Au fond de la salle, quelqu’un applaudit. Puis un autre. Finalement tout le monde applaudit. Vous vous rendez compte ! Des gens convoqués là pour être jugés – pardon, je veux dire condamnés – osent applaudir à la critique de celui qui va décider de leur sentence en sa présence ! Faut-il qu’ils en aient ras le bol de cette justice de merde !

Vous remarquerez que la sentence est prononcée par la vice-présidente du tribunal qui n’était pas là. On ne connaît donc toujours pas le nom du « juge » qui a réellement décidé de la sanction. La lâcheté de ce système est insupportable.
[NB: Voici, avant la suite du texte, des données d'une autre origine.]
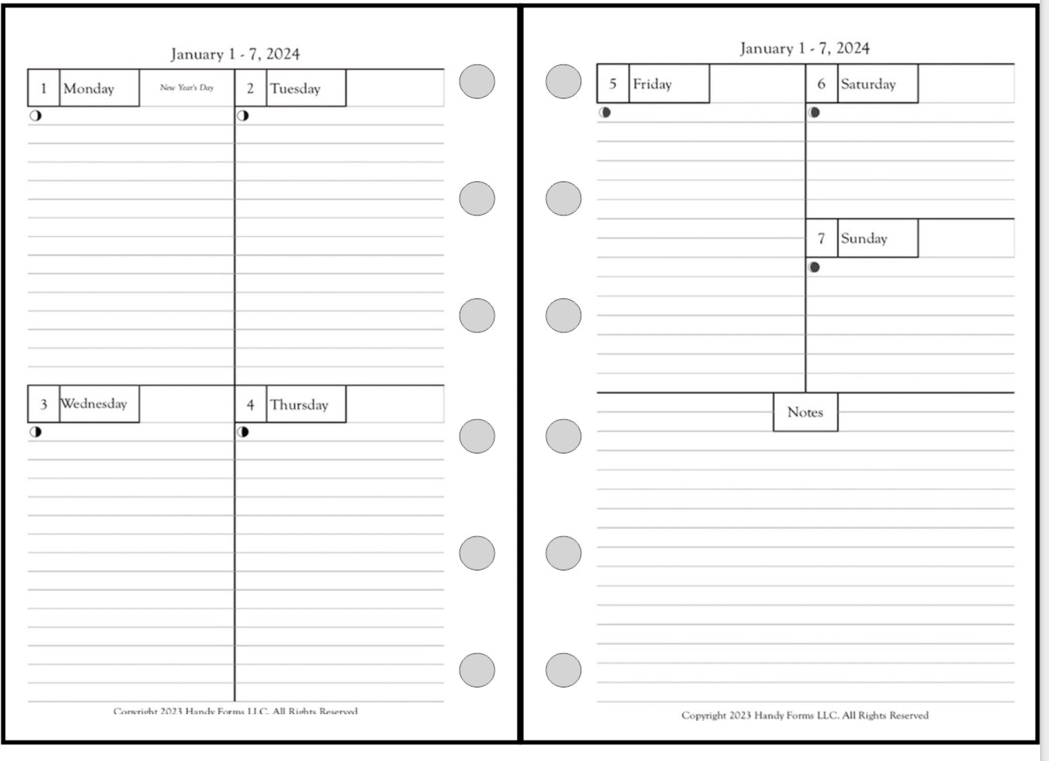 If selected, the monthly spreads are merged with the weekly pages so that the month appears immediately before the weekly pages where the first day of that month occurs. A durable plastic tab is attached to the weekly page just before the month. The monthly pages are available in 3 different formats called 6-column, 7-column, and 8-column. Please see the images for examples.

Bien entendu, M. X. n’a pas voulu en rester là. Il a quitté la salle pour se rendre immédiatement au greffe du tribunal où il a fait opposition au jugement. Ainsi, il a des chances de rencontrer enfin un vrai juge qui écoutera sa défense de propriétaire lésé.
III – Nouveau procès !
M. X n’ayant pas voulu s’acquitter de la modique somme de 50 € à laquelle il fut condamné par un faux juge – pardon, par une personne du parquet – il est désormais convoqué par le même parquet (le procureur de la Roche sur Yon) devant cette fois un vrai juge, pour le 15 décembre 2020.

Vous noterez le « VOTRE PRÉSENCE EST OBLIGATOIRE » qui sonne comme une menace.